The Principal of Saint Joseph's College, Susitina Maletino Levao, expressed her disappointment over the incident.
Ms. Levao told the Samoa Observer that there will be no students expelled without a police report indicating their involvement.
“I would like to make things clear that the majority of our students that were taken into police custody for statements or police was trying to get information from them as to what happened,” she said.
She added that on Tuesday night when students were in police custody, one of their teachers was at the police station and spoke with the police officers.
“One of my disciplinarians [teachers] informed me that no student had been charged but the only advice from police is for the school principals to discuss ways to solve these disagreements between the students.
“The Police officers were looking for information and I told my students that if you stand where an incident occurs then you are part of that event even if you were only watching.
“This is not a good time for students to get involved in fights because schools are given limited time to do lessons and plus we all have so much to catch up in terms of the curriculum after many times schools were closed.”

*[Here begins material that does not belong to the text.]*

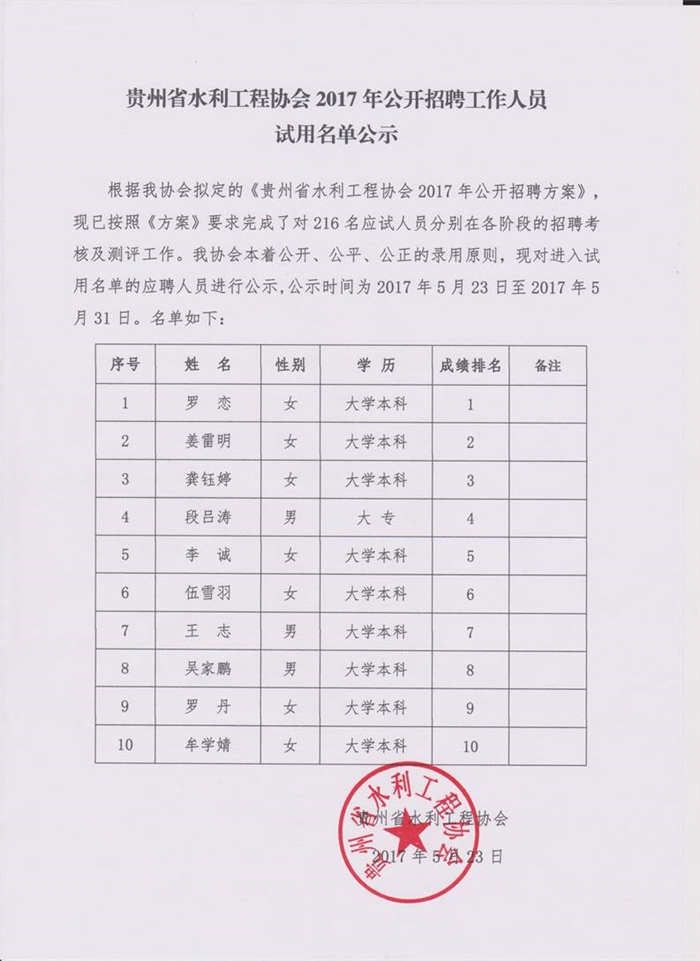 貴州省水利工程協(xié)會2017年公開招聘工作人員試用名單公示

Furthermore, she added that even if the last resort is permanent dismissal of students from school, but the question is, where these students will go to have an education because some youths will resort to committing crimes after leaving school.

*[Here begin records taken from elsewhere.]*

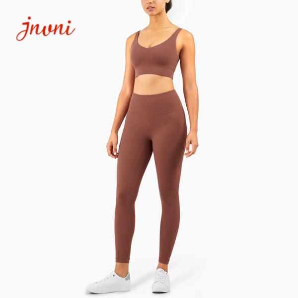 Fitness Women Lulu Naked Feeling Yoga V-neck Push Up Sports Bra High Waist Legging Gym Energy Set
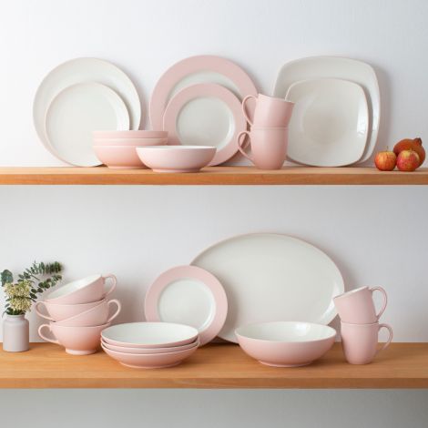 Colorwave Pink features a matte coloration on the outside suggestive of carnations, cotton candy, and flamingos. Most items also have a glossy, cream-colored glaze on the inside. Mix and match the different shapes and add a splash of color to your table! Colorwave offers place setting components as well as an array of serving pieces and accessories.
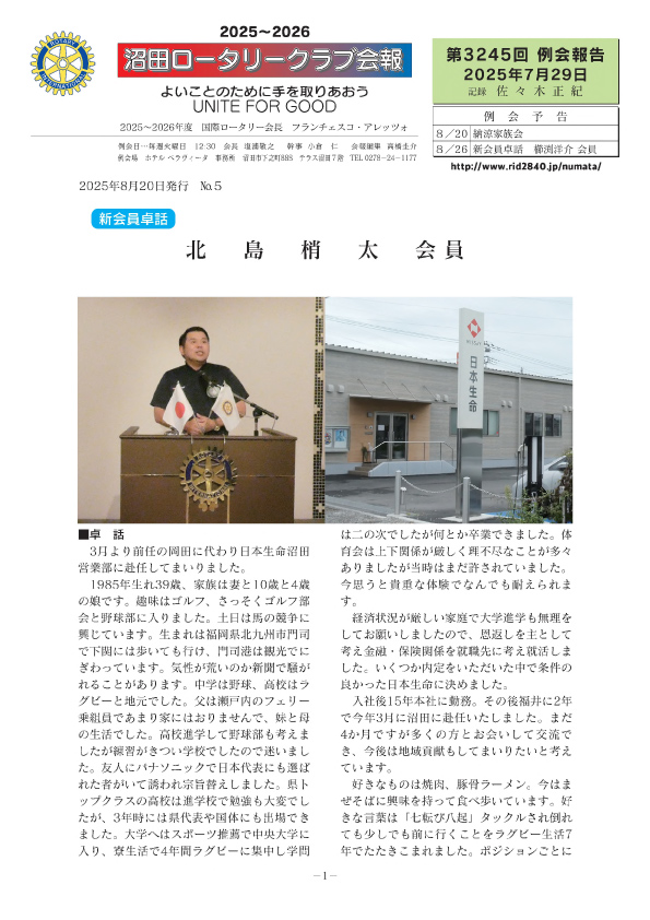 沼田ロータリークラブ会報 Vol.5 2025.08.20

“It is also never a good feeling to let go of students. We are not pointing fingers but we are still trying to find out what really happened.
“School fights are not new to us principals, I truly believe that not all students are bad but also there are small groups of students that make bad decisions but we are trying our best to offer advices.
“Some may say that teachers are not disciplining the students enough but we cannot do this because there are rules that prohibit teachers from hurting or inflicting harm on students as a disciplinary measure.”
She also mentioned that their school believes in not using discouraging words for students.
“If we use strong discouraging words on the students then it could also hurt them emotionally which could make things worse and stir anger within them.
“I think that the majority of us principals and teachers always advise the students that the reality is that if you do not have a degree, you cannot access a good job.
“I always challenge the students that if they do not want to be cleaners or work out in the hot sun every day then prioritise their education and respect their elders.”
She also acknowledged some parents that have approached their office.
“The same message that both myself and Leififi College’s principal always convey is that no one tells the students to start brawls.
“It is very difficult for some students to absorb good advices while others simply do not care. But I am also telling the truth that some parents cannot control their children and then we do our part to try and help.
“My advice is that if parents prioritise their children’s future then we should work together for that common goal.”
Attempts to attain comments via email and phone calls from Police were unsuccessful.